Contrary Currents

Good times are rumored to be short-lived. Bad times, too, say optimists. Reality may flow unquestioned and unhindered like a steady torrent for a long time. Every once in a while, however, for better or for worse, change’s trumpet sounds, like a stone flung into that stream, creating turbulence and unpredictable currents. The current era, in terms of global health, is one such change-causing time.

Change! Its notion, entwined with its possibility and promise, excites the weary, alarms the unsuspecting, worries the timid. A tiny word primed to trigger myriad emotions. To a lover of data, the idea incites lots of questions, too; not just knee-jerk reactions.

Imagine a random but steady flow of incoming data traffic—random in the sense that it is hard to forecast when the next event will happen, steady in the sense that following the process is continuous. Unrelenting. Non-intermittent. That is, observations from some system, abstract or tangible, are allowed to crop up any time they want. It is often crucial to ask whether drastic deviations have corrupted the rate at which these observations emerge.
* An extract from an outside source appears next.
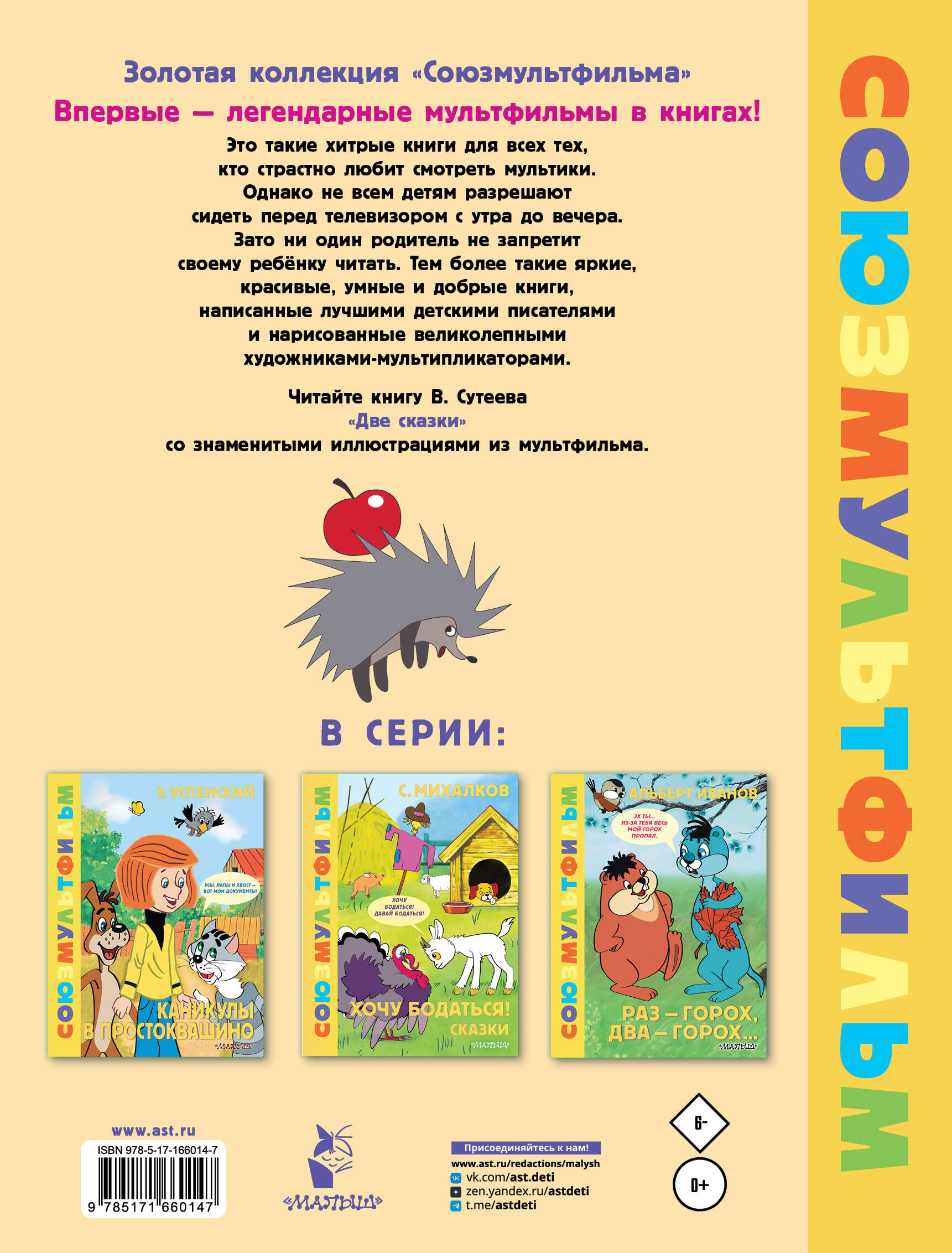 Когда-то Владимир Сутеев написал сказки «Яблоко» и «Палочка-выручалочка». В 1962 году по ним сняли мультфильм, который так и назвали: «Две сказки». В них добрые зверята приходят друг другу на помощь и наглядно показывают, что добрые дела и справедливость всегда торжествуют. В нашу книгу вошли «Две сказки» с кадрами из того самого мультфильма.

Why? For many reasons. Chief among these could be policy formations, for instance, if those are the types of data you are dealing with. Take gun violence in America, as a grim instance. You may think, probably from looking at raw numbers, that these crimes are happening more frequently nowadays. Calling for tougher gun control is one thing. Establishing the increase with significance-laden statistical reasoning, however, is quite another. Or timely interventions, in case you are asking whether the rate at which a specific type of disturbingly violent posts a person is generating on social media has reached a point where they can be classified as an impending menace to society.

Academic sleuthing could offer another possibility. Through tracking the rate at which prepositions are written, you may unearth probable plagiarism. The frequency at which neurons fire up inside a patient’s brain may help medical professionals check whether they have undergone severe trauma.

The list could go on. Regardless of the context, and the lens through which you choose to view it, the unpredictability of these shocks and the relevance of change detection remain the undeniable commonalities that glue these examples together.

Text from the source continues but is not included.